When the Hooli CEO gets his license, Patrick hops back on the murder train, but learns that he’s gay and stops — since that would be a hate crime. To clear his head, he books the prostitute for a sequel, but totally forgets to tidy up his pad. She’s such a neat freak, she leaves without taking her chainsaw, forcing Patrick to throw on some clothes and return it. The next night, Patrick remembers his PIN and forgets his cat. When a woman tries to cut in line, Batman tells her to wait in Hell. The Fuzz asks what happened, so Patrick shows them. He gives a janitor and security guard some time off, because he’s such a nice guy, and then booty calls his lawyer. Whoops!

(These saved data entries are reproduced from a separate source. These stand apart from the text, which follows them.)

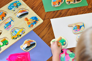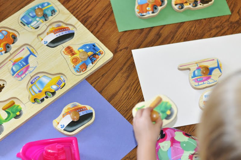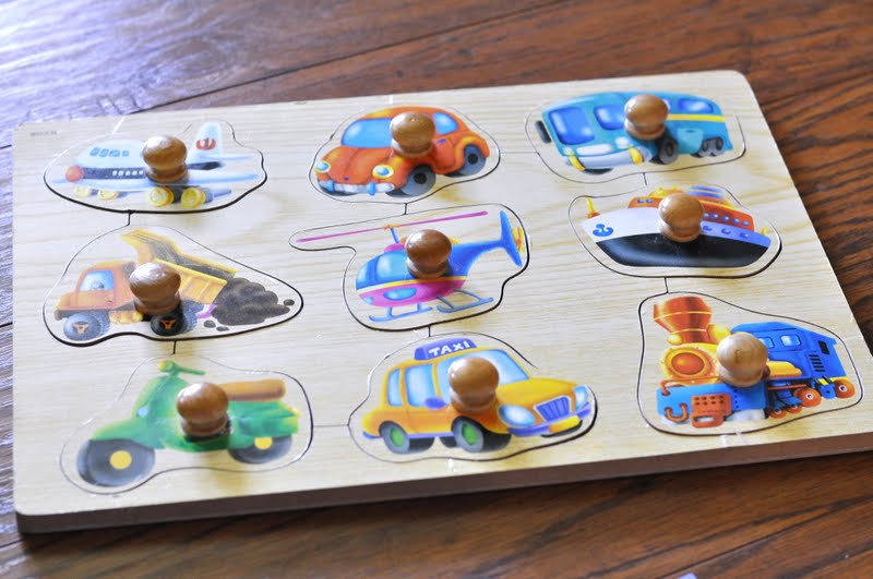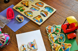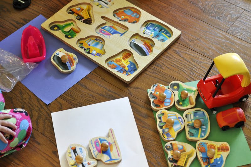 1) Round up all your planes, trains, boats, cars, etc. Place them in a pile. (We used a puzzle, because we don’t have many of these toys.)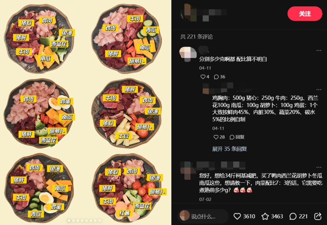 社交平臺上,經(jīng)常有網(wǎng)友討論各品牌寵糧配方的營養(yǎng)度,以及相適應(yīng)的寵物群體!按值鞍缀坎荒艿陀35%,但太高了會對腎臟造成負擔(dān)”、“粗纖維不能高于8%,否則會造成腹瀉”、“最好還是五谷配方”……養(yǎng)寵人不僅要求寵糧里添加多種鮮肉源,還要足夠分量的果蔬和營養(yǎng)元素。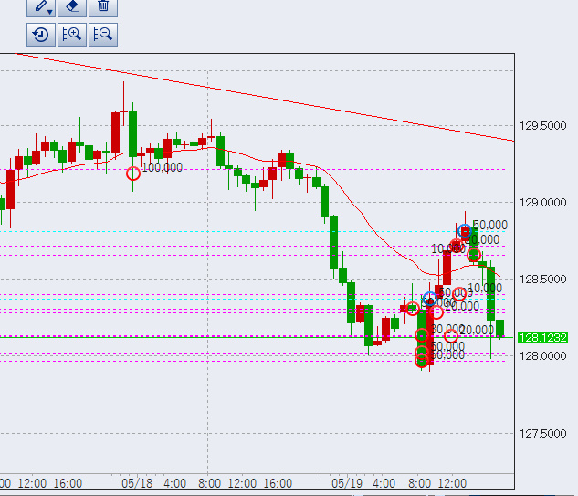 前日はアメリカ時間においてさらに下落、安値128.01を付けました。米株安、景気後退などの懸念から上値が重い状態が続いています。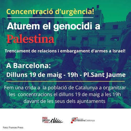 Concentració d’urgència. Aturem el genocidi a Palestina Monday, May 19, 07:00 PM-08:30 PM Monday 19 May 20:30 Plaça de Sant Jaume Plaça de Sant Jaume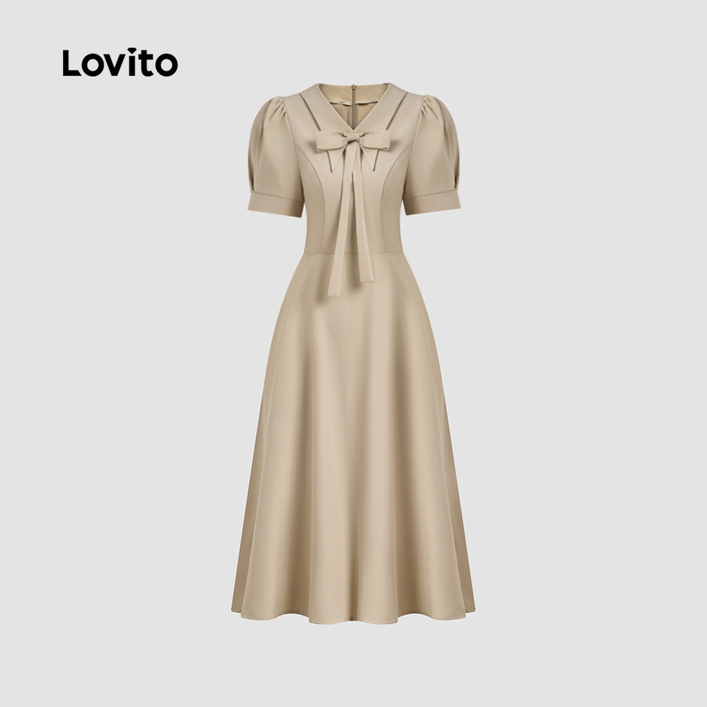(NEW) Lovito Vestido Casual com Laço Primavera/verão Camurça para Mulheres L149ED1223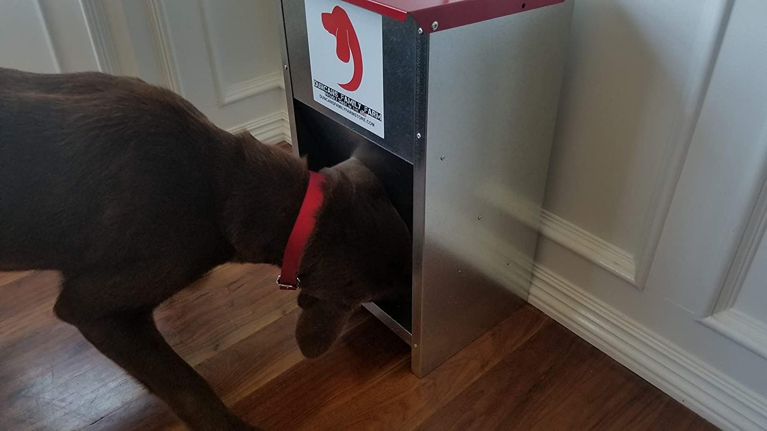 Fresh, easy to dispense kibble with no timers, no frequent refills, no complicated settings, and no fuss. Duncan’s Dog Feeders use a simple gravity feeding system. Your dog pushes down the door on the bottom and the wedge shape distributes the pet food. Dogs who have never used dispensers might need you to push the door for them for a few days or you can leave the door propped open until they figure it out. Simple quality engineering that’s made to last from Duncan’s Family Farm Store.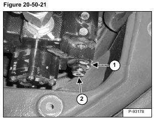 If the flow at low pressure must be adjusted, stop the engine and loosen the lock nut (Item 1). Turn the adjustment (Item 2) [Figure 20-50-21] in to increase flow and out to decrease flow.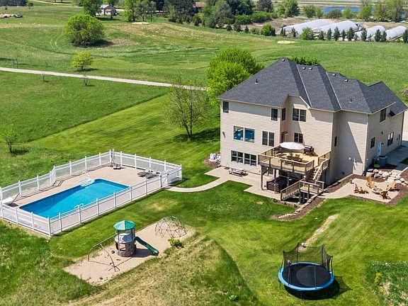Welcome to your own private oasis on 7.5 acres of diverse landscape. The drive in offers a stunning view of this incredible estate. The front porch, pristine landscaping & entryway welcome you to this impeccable, contractor-maintained property. You'll fall in love with the amazing amenities: 5 spacious bedrooms on one level, 4 bathrooms, gourmet kitchen, mud/laundry room, attached 2-car garage with epoxy floor, tons of storage & multiple living areas throughout. The walkout lower level offers additional expansion flex space. Exquisitely designed outdoor living spaces: a large deck overlooking multiple resort like amenities

The following morning, Patrick’s shocked to find his place spic and spandex, even though his Roomba broke forever ago. The film ends with Patrick running into his lawyer, and an astonishing Pepsi twist is revealed: the lawyer doesn’t charge for the hour. American Psycho satirizes consumerist values through its portrayal of Wall Street yuppies, long before Bitcoin became sentient and blew up Guam. For Patrick and Co., meaning comes through what you own, reflecting the philosophy of Herbie “Fully Loaded” Marcuse. In his book, One Dimensional Man, he writes, “people recognize themselves in their commodities; in their automobile, hi-fi set, split-level home, kitchen equipment.” Personally, I recognize myself in my space jacuzzi.

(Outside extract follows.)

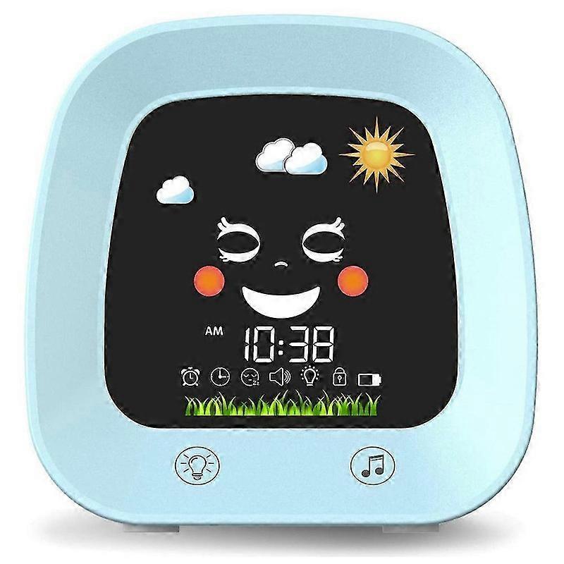 [HEALTHY SLEEP HABITS START EARLY] With our multi-functional kid's alarm clock that is specially designed to wake your gently for a start to (leaving us ) This kids digital alarm clock uses fun facial expression and soft colors to teach your child when it is time to sleep and okay to wake up. [SOUND MACHINE & NIGHT LIGHT]This kids alarm clock with seven sleep sound and four color night light gives a tender to your little ones especially when they learn to sleep alone. [MULTI-FUNCTIONAL ALARM CLOCK FOR KIDS]To get extra 10 minutes sleep you can pause alarm very quickly by pressing SNOOZE button without opening eyes in the morning. Individual buttons for an easy set time, alarm, light, sound, sleep/wake time and easy to change 12/24 hour format. [SETTING PRESERVED & CHILD LOCK]Toddler alarm clock has a built-in button battery, it just could keep time memory when power off, couldn't support the digital clock light up. [perfect GIFTS FOR KIDS AND TEEN]This toddlers sleep training clock is perfect for toddler who do not yet have a good concept of time. Stylish appearance and child-friendly design perfect as a gifts for girls/boys birthdays christmas, Hanukkah, and New Year 's. color:Blue Material: ABS Package Contents: 1 x Alarm clock 1 x USB cable Only the above package content, other products are not included. Note: Light reflection and different displays may cause the color of the item in the picture a little different from the real thing. The measurement allowed error is +/- 1-3cm.

The film lampoons the trivial pursuit of status when Batman and his colleagues compare business cards. To the casual observer, they’re all Comic Sans. But in Patrick’s world, this becomes a tense power struggle over the slightest distinctions. “Look at that subtle off-white coloring, the tasteful thickness of it.” “Patrick? You’re sweating.” Similarly, the traders have become indistinguishable from each other. I mean, they’re all mammals to me. And beneath the flashy exterior, there’s no substance — “I simply am not there.” The film comments on human’s preoccupation with looking mighty fine, often on Instagrammy. People are so obsessed with Batman’s superficial qualities that they fail to notice he’s gotten a haircut. “I like to dissect girls. Did you know I’m utterly insane?” “Great tan, Marcus. I mean, really impressive.” When Luis sees Batman struggling with a suspicious bag, all he cares about is who designed it — “Where did you get overnight bag?” The cost of his sheets is more important than the fact that they are clearly covered in cranberry juice. “I can only get these sheets in Santa Fe, these are very expensive sheets!”

Using visual imagery, the film draws a connection between Patrick’s violent tendencies and his material girlism. What appears to be droplets of blood turn out to be a supremely decadent sauce, called “Srirachacha.” Batman’s call for dinner reservations is juxtaposed with some pretty hardcore pornography, although I’ve seen worse. When we see Batman’s victims hanging in the closet like Valentino suits, we realize that to him, human beings have been reduced to mere commodities and a bold fashion statement. As Patrick’s behavior grows more erratic, we begin to wonder how much of this documentary is real. When he visits Letoman’s apartment, rather than encountering bodies and blood-soaked walls, he meets only a realtor and a crazy-low asking price. And his lawyer appears to contradict his confession. “I killed Paul Allen.” “That’s simply not possible.” “Why isn’t it possible?” “Because I had dinner with Paul Allen twice in London, just ten days ago.” These disparities could suggest that Batman’s world is so jaded towards money, a realtor would whitewash a murder house to get a good Zillow. It could also suggest Batman’s story is a fantasy, a warning that in such a culture, the potential for maniacal violence could lurk inside any of us… any of us.

For Earthling Cinema, I’m Garyx Wormuloid. It’s hip to be squared.